• _What you need to do_:
Begin at the line containing "11月,商用車產(chǎn)銷分別完成32.7萬輛和31" and restate it and each line after it exactly, up to and including the last line below. Leave pictures out.

──────

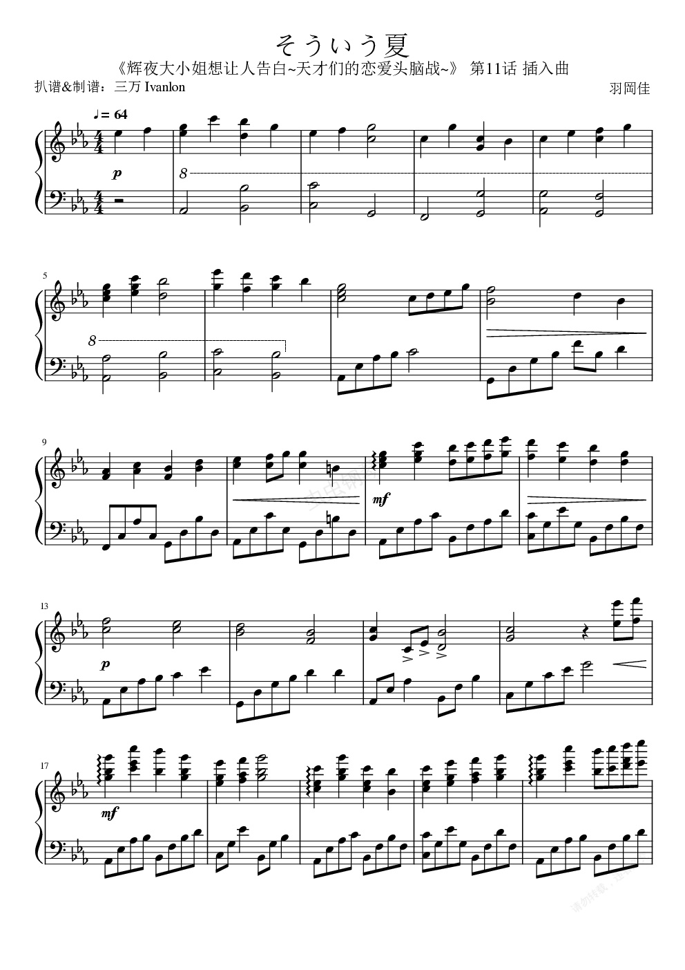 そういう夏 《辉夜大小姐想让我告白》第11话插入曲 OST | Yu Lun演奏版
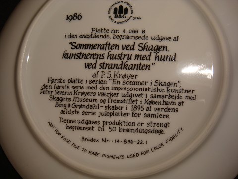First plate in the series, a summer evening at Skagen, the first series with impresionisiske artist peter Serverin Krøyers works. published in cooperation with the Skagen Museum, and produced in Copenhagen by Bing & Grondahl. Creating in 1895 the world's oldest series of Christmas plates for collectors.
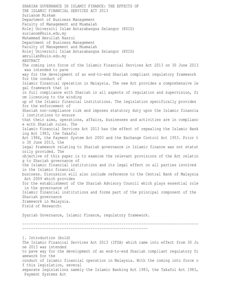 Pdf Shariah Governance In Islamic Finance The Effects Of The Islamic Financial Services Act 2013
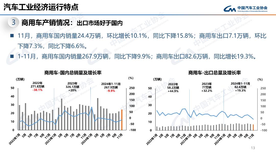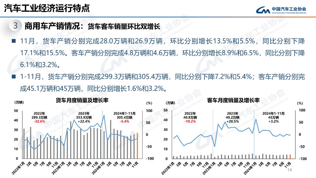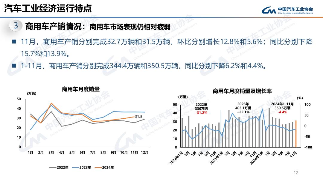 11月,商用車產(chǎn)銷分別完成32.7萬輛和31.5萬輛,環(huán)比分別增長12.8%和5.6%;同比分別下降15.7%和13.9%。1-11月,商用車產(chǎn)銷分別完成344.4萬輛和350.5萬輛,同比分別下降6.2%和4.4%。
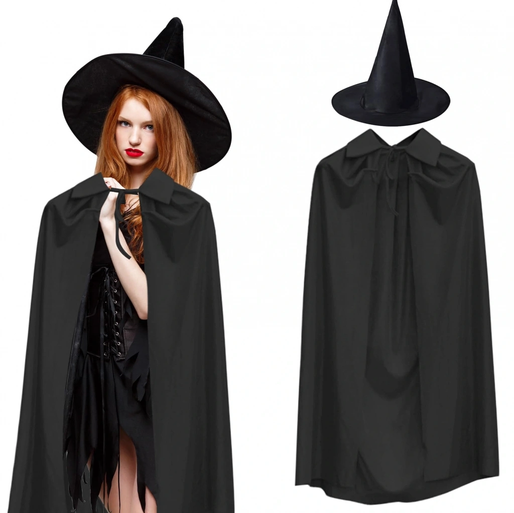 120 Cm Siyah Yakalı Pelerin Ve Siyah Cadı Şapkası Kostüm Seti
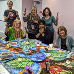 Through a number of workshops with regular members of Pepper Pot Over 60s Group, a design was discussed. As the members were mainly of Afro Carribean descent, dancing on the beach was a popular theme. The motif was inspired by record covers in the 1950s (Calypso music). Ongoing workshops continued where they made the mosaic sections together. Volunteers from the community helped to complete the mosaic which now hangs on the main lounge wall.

──────

• _Task result_:
 11月,商用車產(chǎn)銷分別完成32.7萬輛和31.5萬輛,環(huán)比分別增長12.8%和5.6%;同比分別下降15.7%和13.9%。1-11月,商用車產(chǎn)銷分別完成344.4萬輛和350.5萬輛,同比分別下降6.2%和4.4%。
 120 Cm Siyah Yakalı Pelerin Ve Siyah Cadı Şapkası Kostüm Seti
 Through a number of workshops with regular members of Pepper Pot Over 60s Group, a design was discussed. As the members were mainly of Afro Carribean descent, dancing on the beach was a popular theme. The motif was inspired by record covers in the 1950s (Calypso music). Ongoing workshops continued where they made the mosaic sections together. Volunteers from the community helped to complete the mosaic which now hangs on the main lounge wall.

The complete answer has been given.